Badger area: Drillhole QGST-5 tested the northern extension of the Badger Hill zone. This area appears to be a separate hydrothermal cell from the Coalition zone. Strong chlorite-pyrite alteration with an argillic overprint was encountered in the drillhole, with increasing alteration intensity near dacitic dikes. Anomolous gold is spatially associated with several of the dikes. The best gold assay (563 ppb) occurred from 1055 to 1060 feet in a rhyodacite with secondary orthoclase and chlorite.

Fairview mine area: Two drillholes, QGST-6, 7, were completed in the Fairview area. The drillholes attempted to test the northern projection of three vein zones. The holes were collared at shallow angles in order to cross all the vein target zones but drooped dramatically, missing two of the vein projections. The main Fairview structure was intersected but failed to return interesting gold values. The best interval in these holes was 214 ppb, occurring in chlorite-pyrite altered rhyodacite at a dacitic dike margin.

                    Results from 2005 Drilling Program

Drillhole #       From               To                  Gold (ppb)*
QGST-1                                                 Highest value 140
QGST-2                                                 Highest value 81
QGST-3                                                 Highest value 30

                  840                850                     650

                  900                905                     434
                 1170               1180                     610

                 1200               1220                     402

QGST-5           1055               1080                     381
QGST-6                                                 Highest value 193
QGST-7                                                 Highest value 58

   *1000 ppb = 0.0292 ounces per ton, 34,286 ppb = 1 ounce per ton

Drilling results indicate an interesting low-grade, bulk mineable target exists in the extensive pyrite bearing zones. Trace element geochemistry and alteration zoning will assist in the definition of mineralized cells guiding future drilling programs. Structural complications and the high density of dikes continue to make the evaluation of the high grade veins difficult. The Company is currently reviewing the results of this short drilling program and will evaluate what options are available for this project including the solicitation of offers for joint venture by outside parties.

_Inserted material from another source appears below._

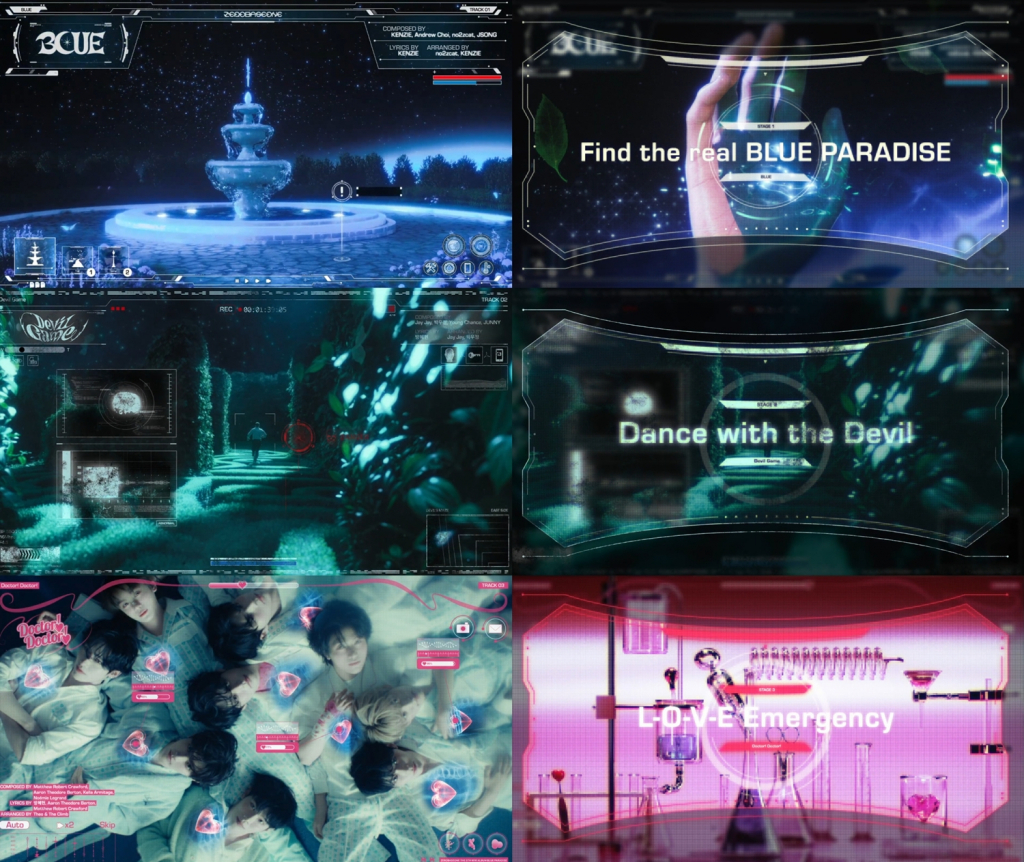 'Find the real BLUE PARADISE'라는 퀘스트 아래, 각 트랙 포스터는 블루 파라다이스를 찾아가는 아홉 멤버의 여정을 게임 스테이지를 하나씩 깨나가듯 풀어냈다.

Exploration on the Seven Troughs property is under the supervision of Dr. Art Ettlinger, P. Geo., the Company's President and Chief Operating Officer and a Qualified Person as defined by National Instrument 43-101.


Information Regarding Forward-Looking Statements: Except for historical information contained herein, the statements in this Press Release are forward-looking statements that are made pursuant to the safe harbor provisions in the Private Securities Legislation Reform Act of 1995. Forward-looking settlements involve known and unknown risks and uncertainties, which may cause Quincy's actual results in future periods to differ materially from forecasted results. These risks and uncertainties include, among other things: volatility of natural resource prices; product demand; market competition and risks inherent in Quincy's operations. These and other risks are described in the Company's Annual Report or Form 10-K and other filings with the Securities and Exchange Commission.